Les taux d’intérêt de la dette grecque, portugaise, irlandaise se sont envolés. Dernièrement, c’était au tour de ceux de l’Italie et de l’Espagne. Les remèdes sont inefficaces. Mais à chaque fois les dirigeants européens avancent un niveau supérieur de mesures disciplinaires, autoritaires, l’œil toujours rivé sur la réaction des marchés au lieu de chercher à s’émanciper de leur dépendance. De dose en superdose jusqu’à l’overdose, les dirigeants européens n’ont rien d’autre à proposer que les solutions qui ont déjà échoué.

 

Lors du sommet du 9 décembre, inspirés par l’accord Sarkozy-Merkel, ils ont décidé de passer encore la vitesse supérieure. Ont été actés un certain nombre de principes, à inscrire dans un traité, qui s’appliquerait aux dix-sept États membres de la zone euro et aux autres pays de l’UE qui l’acceptent.

Le Royaume-Uni s’est, lui, déjà mis hors jeu. Nous nous sommes procuré le texte encore provisoire de cet « accord international » et le publions dans nos colonnes.

 

Qu’y retrouve-t-on ?

Avant tout, l’inscription de la règle d’or dans les Constitutions nationales.

La très libérale Cour de justice européenne est chargée de contrôler que cette règle de plomb est retranscrite comme il se doit dans le droit national.
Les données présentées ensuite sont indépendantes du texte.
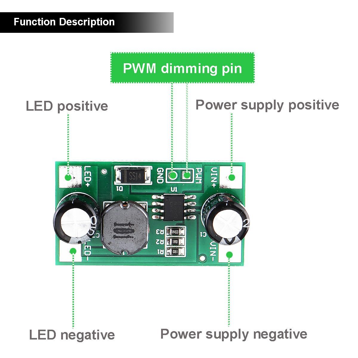 ??【機能】】: 2-3WのLEDライトを駆動できるLEDライトドライバボードで、PWM調光、広い電圧入力をサポートし、低ノイズで安全です。

À cela viennent s’ajouter d’autres restrictions qui soustraient les budgets au contrôle des peuples.

La pire d’entre elles est la limitation du déficit structurel à 0,5 %, le texte allant bien plus loin que le pacte de stabilité. Il constituera un argument de poids pour la Commission pour imposer privatisations et licenciements de fonctionnaires.

 

Ce projet de traité est une sorte de couronnement de toutes les mesures d’austérité prises depuis le début de la crise. Il entend les graver dans le marbre pour les mettre hors de portée de la souveraineté populaire.